Use Case: Two-Way ANOVA is used when you have two independent variables (factors) and you want to examine how they interact to affect a dependent variable. It can determine the main effects of each factor and whether there is an interaction effect between them.
Example: You want to analyze how both the type of diet (factor 1: low-fat, high-fat) and the type of exercise (factor 2: cardio, strength training) impact weight loss in a study. Two-Way ANOVA allows you to assess the effects of each factor and their interaction.

Repeated Measures ANOVA (RM-ANOVA):

Use Case: Repeated Measures ANOVA is used when you have a repeated measurement or a dependent variable collected at multiple time points or under multiple conditions on the same subjects. It assesses changes over time or across conditions.
Example: You measure the blood pressure of the same group of individuals at three different time points: before treatment, after one month of treatment, and after three months of treatment. Repeated Measures ANOVA helps determine if there are statistically significant changes in blood pressure over time due to the treatment.

In [4]:
# Q3 What is the partitioning of variance in ANOVA, and why is it important to understand this concept?

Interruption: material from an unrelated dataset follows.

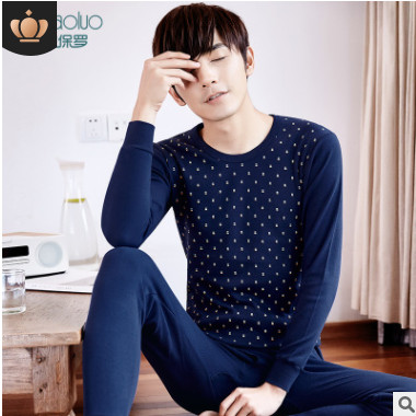 2018秋冬男士印花款純棉薄款保暖內(nèi)衣男士保暖套裝線衣線褲批發(fā)

The partitioning of variance in Analysis of Variance (ANOVA) is a fundamental concept that involves breaking down the total variance observed in a dataset into different components. Understanding this concept is crucial because it allows researchers to assess the sources of variation in their data and determine if there are statistically significant differences among groups or factors being studied. 

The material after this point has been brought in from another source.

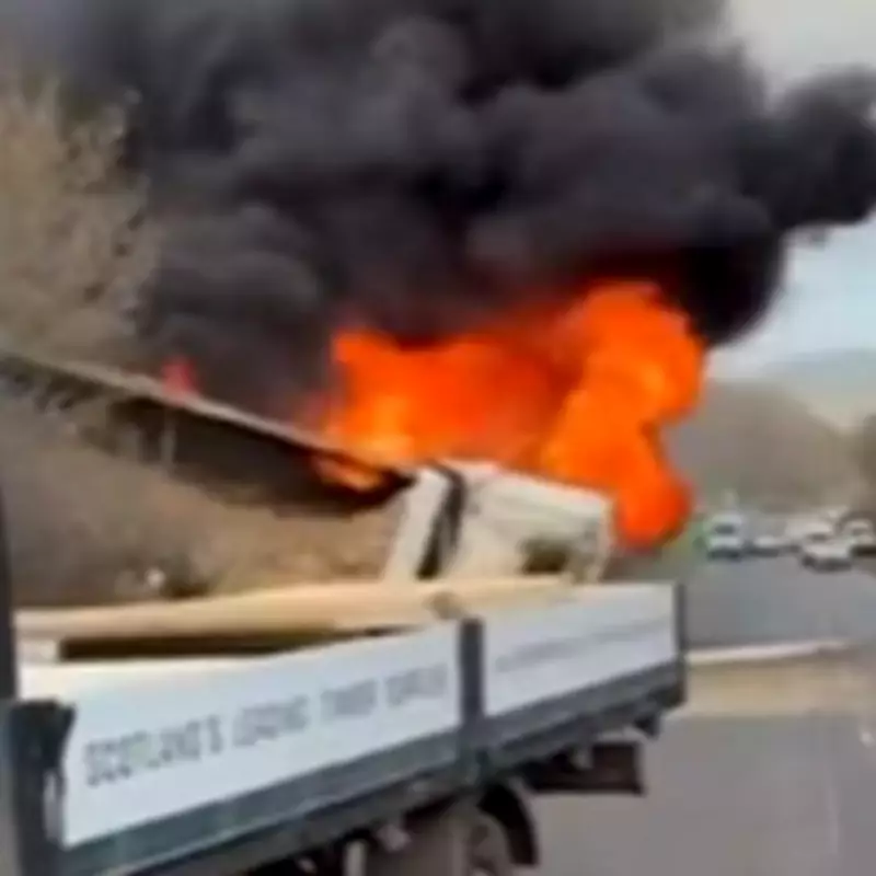 Lorry Explodes in Dramatic A1 Blaze, Tyres Catapulted 30 Feet High

Total Variance (Total Sum of Squares - SST): The total variance represents the overall variation observed in the data. It is calculated as the sum of the squared differences between each data point and the overall mean.

SST = SUM(X-X_mean)**2

X = represents individual data points.
X_mean=is the overall mean of all data points.

Between-Group Variance (Between-Group Sum of Squares - SSB): This component of variance assesses the differences between the group means. It measures how much of the total variance can be attributed to differences among the groups or factors being studied.

SSB=n*( SUM(X_mean-X_overall)**2)
n= number of observations in each group
X_mean= mean of each group
X_overall= overall mean.

Within-Group Variance (Within-Group Sum of Squares - SSW): This component of variance measures the variation within each group. It quantifies the random variation or noise within the groups that cannot be explained by differences between the groups.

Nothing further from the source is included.